Studios were to be offered to those at head of the council's list of 180 artists needing accommodation. The
recent migration of artists away from Chelsea, mostly
priced out, was of serious local concern, and artists
wrote to The Times urging other councils to follow the
borough's example. (fn. 1)
In 1960 the council's finance committee urged the
council to become modern patrons of the arts, because
private patrons were disappearing.
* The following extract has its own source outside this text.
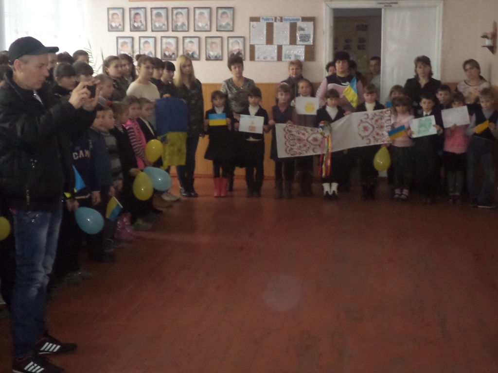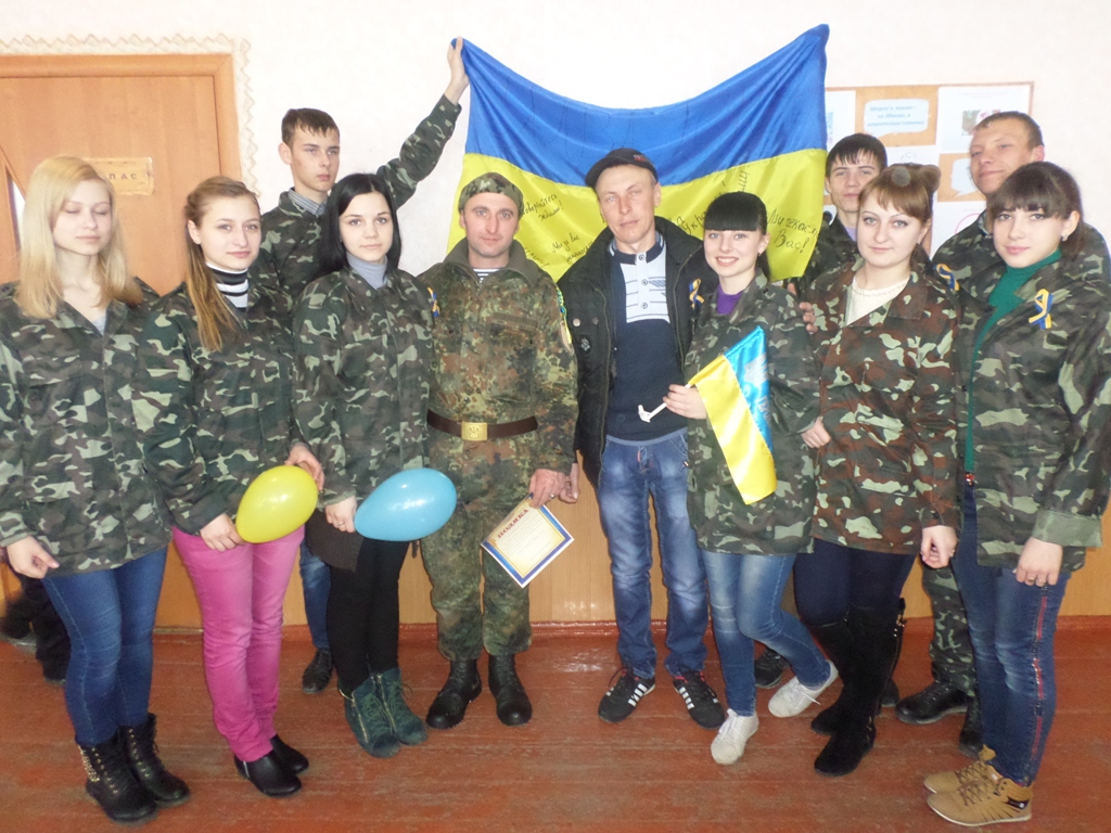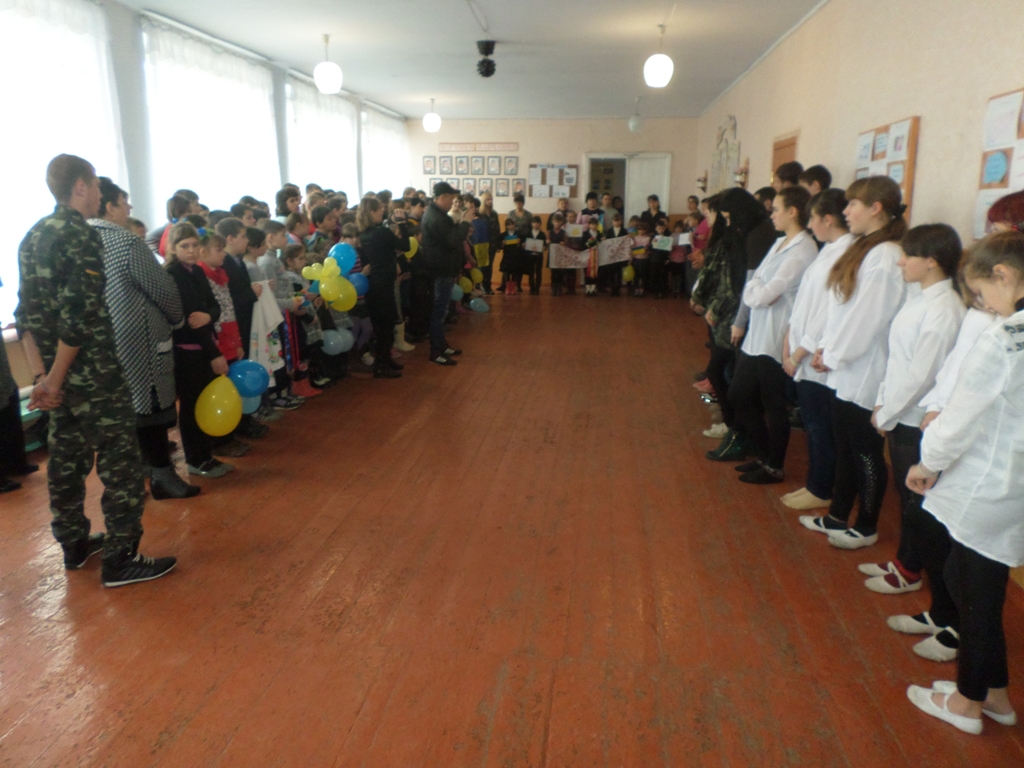 У своєму виступі волонтер Сергій Сагайдак розповів присутнім про те, що він власними очима бачив будні наших захисників в умовах війни, самому неодноразово доводилося перебувати під обстрілом під час доставки продуктів харчування, одягу, комп’ютерної техніки в зону АТО, а також приймати участь в евакуації поранених. Він зустрічався на передовій з бійцями під Дебальцево, з 28 бригади 3 батальйону, із земляками з 79-ої аеромобільної бригади, тощо.  Наголосив на тому, що наша допомога фронту вкрай необхідна, її чекають, а тому він прикладає максимум зусиль, щоб зібрати і доставити гуманітарну допомогу туди, де вона найнеобхідніша. Відмітив і те, що бійці дуже вдячні дітям за їхні листи і малюнки, обереги, тому що в більшості  воїнів  вдома чекають діти , мир для яких вони відстоюють, а від таких подарунків  віє теплом, рідною домівкою і впевненістю, що вони діють правильно, відстоюючи неподільність України.

Although the council
had built studios, they had not given much practical
encouragement to artists, as they did not offer subsidies
or reduced rents for the studios; the committee urged
them to introduce an annual subsidy of £500 to be split
between successful applicants. (fn. 2) Despite all attempts,
however, Chelsea continued to lose its artistic element. A
brief resurge in the early 1960s, when several of the
newly fashionable photographers worked in Chelsea,
continued to keep its bohemian reputation alive, but by
the end of the 20th century young artists were congregating east and north-east of the City of London, where
cheap warehouse accommodation was still available.